- Opening Delimiter -

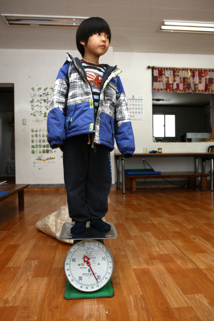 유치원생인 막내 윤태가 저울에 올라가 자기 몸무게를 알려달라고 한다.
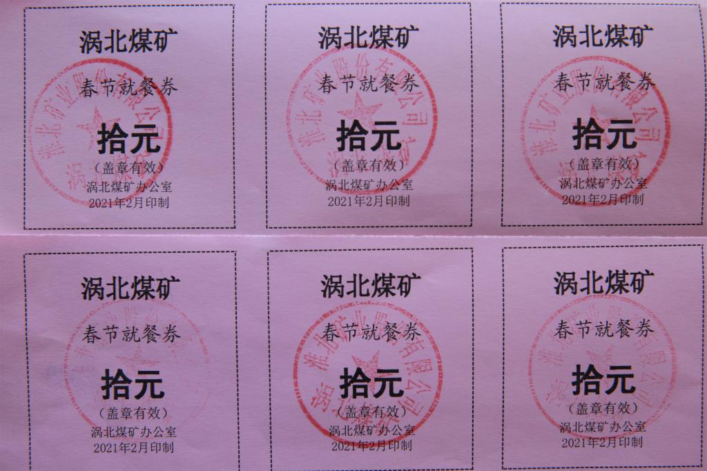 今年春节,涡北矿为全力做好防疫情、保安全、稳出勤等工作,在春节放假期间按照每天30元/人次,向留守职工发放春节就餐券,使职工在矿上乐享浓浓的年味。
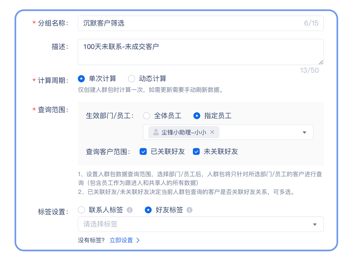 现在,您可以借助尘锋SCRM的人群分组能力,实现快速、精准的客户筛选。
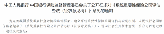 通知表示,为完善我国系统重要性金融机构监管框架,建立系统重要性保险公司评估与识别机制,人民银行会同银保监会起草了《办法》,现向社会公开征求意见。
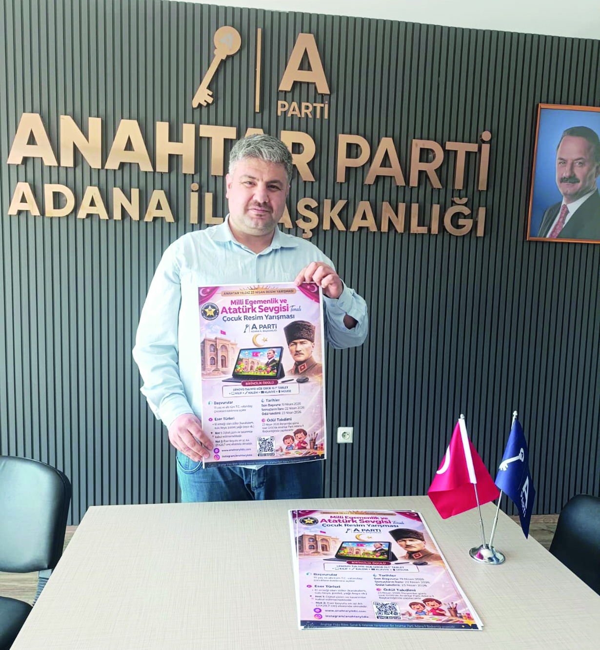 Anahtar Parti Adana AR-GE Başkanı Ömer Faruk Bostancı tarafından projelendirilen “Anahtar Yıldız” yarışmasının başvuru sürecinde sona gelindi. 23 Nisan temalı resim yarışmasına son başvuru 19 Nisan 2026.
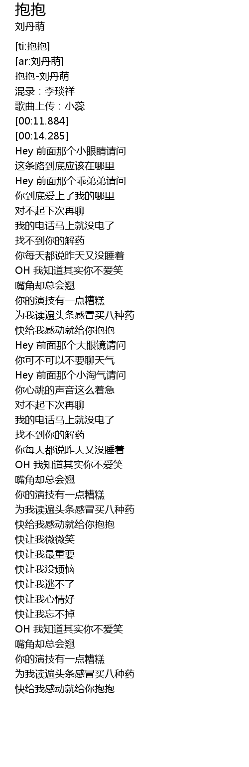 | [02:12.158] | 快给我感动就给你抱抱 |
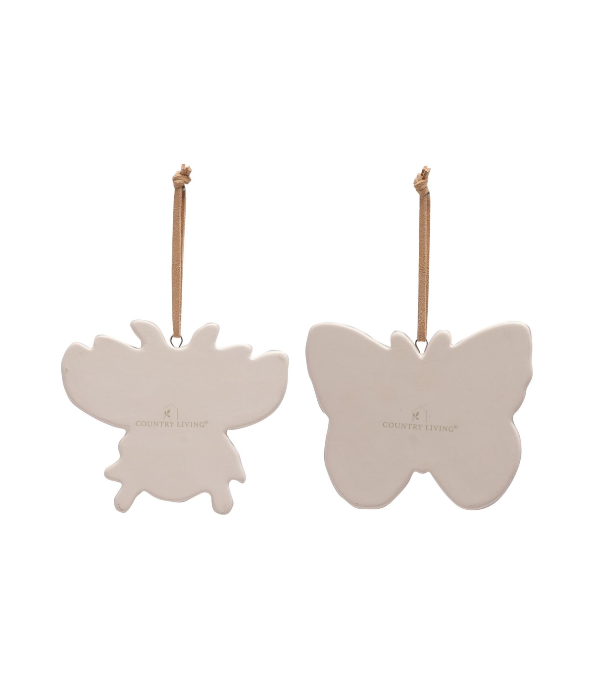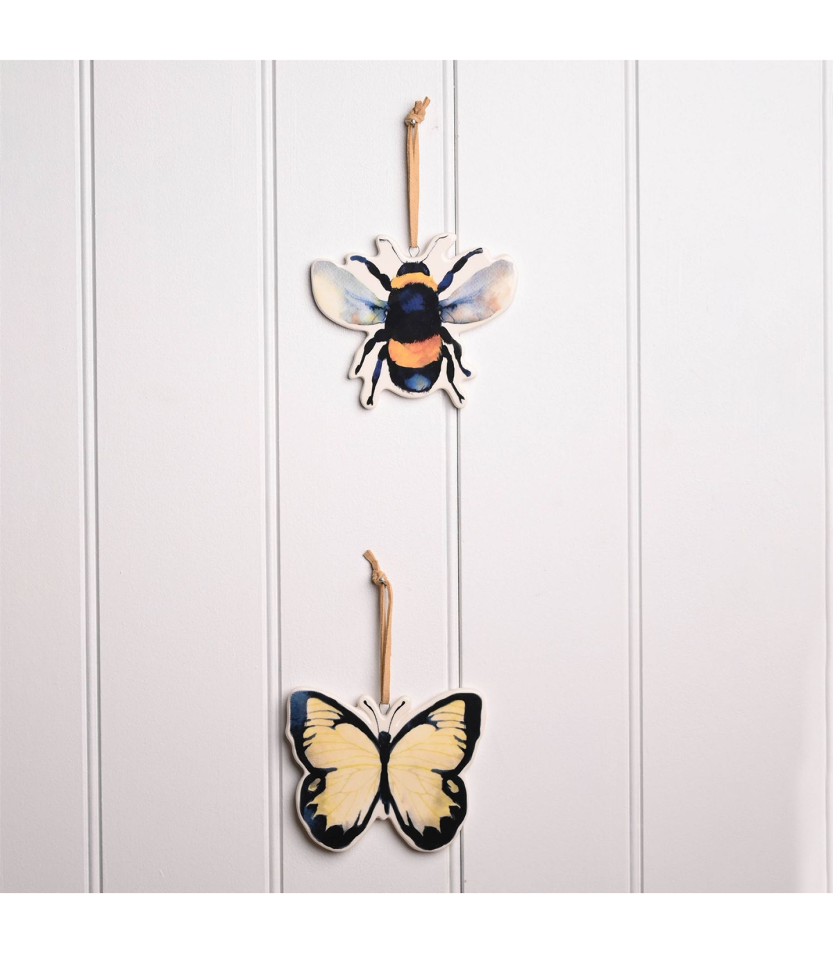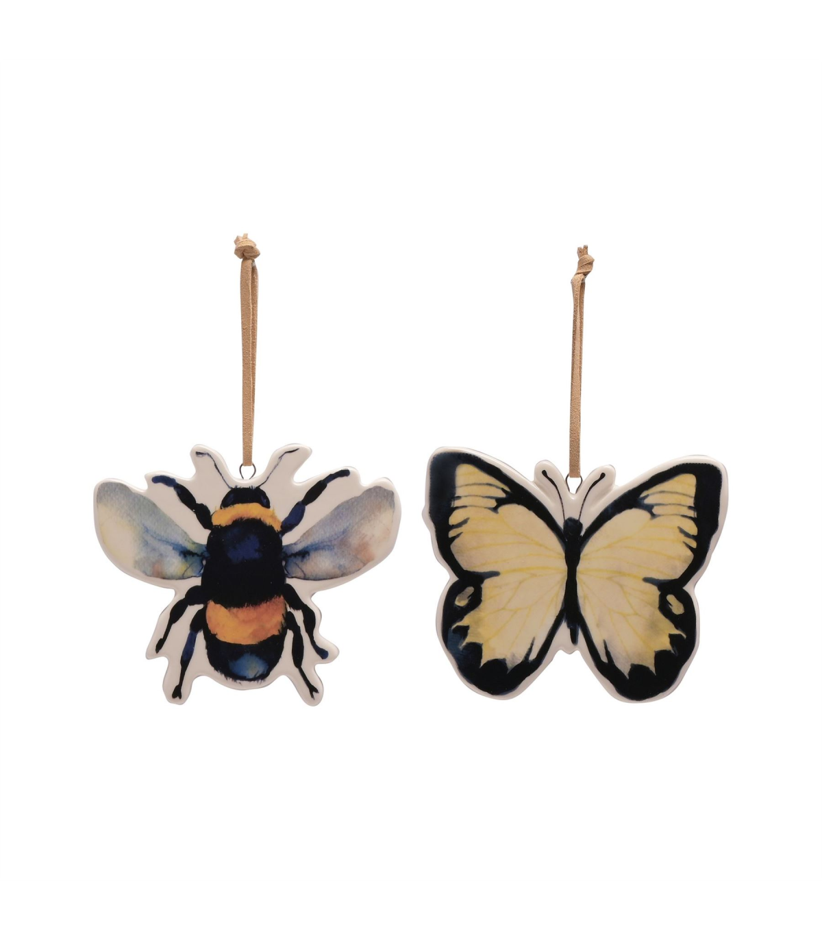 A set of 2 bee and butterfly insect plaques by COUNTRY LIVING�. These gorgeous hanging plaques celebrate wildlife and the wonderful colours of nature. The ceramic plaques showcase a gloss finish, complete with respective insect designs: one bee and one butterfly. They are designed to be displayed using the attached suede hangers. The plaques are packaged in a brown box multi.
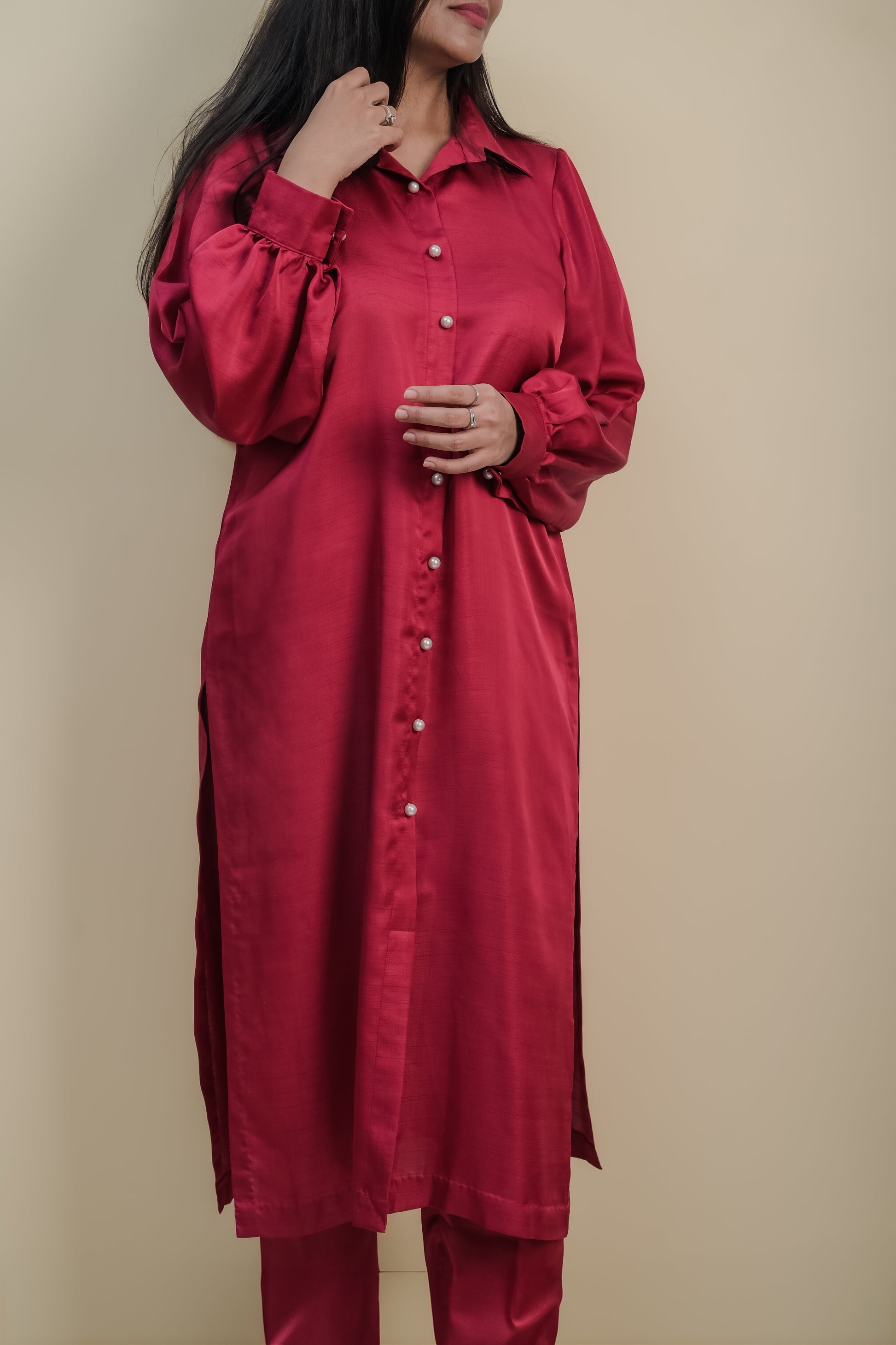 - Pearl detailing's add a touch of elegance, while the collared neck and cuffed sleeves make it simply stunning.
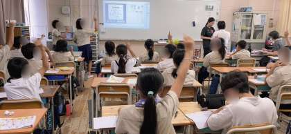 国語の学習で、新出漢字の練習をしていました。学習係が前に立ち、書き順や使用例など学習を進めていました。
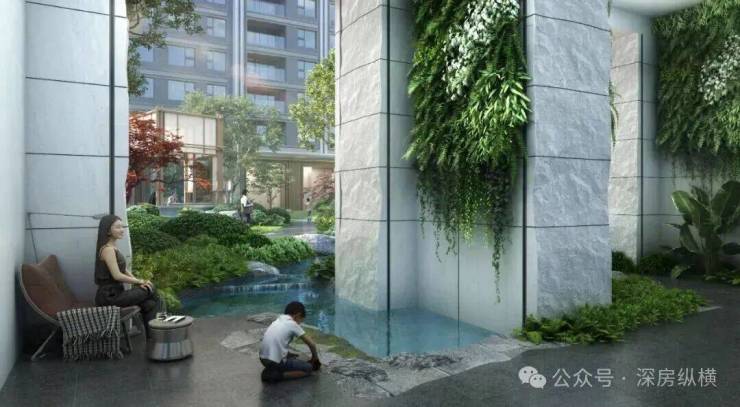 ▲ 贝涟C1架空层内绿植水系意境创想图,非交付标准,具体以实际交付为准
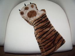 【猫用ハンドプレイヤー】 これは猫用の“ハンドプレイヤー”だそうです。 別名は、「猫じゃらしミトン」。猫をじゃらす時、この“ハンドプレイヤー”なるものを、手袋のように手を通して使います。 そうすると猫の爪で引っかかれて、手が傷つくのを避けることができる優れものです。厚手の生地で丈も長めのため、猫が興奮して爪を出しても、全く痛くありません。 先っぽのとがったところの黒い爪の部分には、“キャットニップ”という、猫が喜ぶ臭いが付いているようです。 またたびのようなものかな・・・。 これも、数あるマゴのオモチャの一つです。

- Closing Delimiter -

» **Task statement**
Both boundary lines included, write out word for word only the lines above from the one containing "今年春节,涡北矿为全力做好防" to the one containing "通知表示,为完善我国系统重要", leaving out any pictures.

» **Output for this exercise**
 今年春节,涡北矿为全力做好防疫情、保安全、稳出勤等工作,在春节放假期间按照每天30元/人次,向留守职工发放春节就餐券,使职工在矿上乐享浓浓的年味。
 现在,您可以借助尘锋SCRM的人群分组能力,实现快速、精准的客户筛选。
 通知表示,为完善我国系统重要性金融机构监管框架,建立系统重要性保险公司评估与识别机制,人民银行会同银保监会起草了《办法》,现向社会公开征求意见。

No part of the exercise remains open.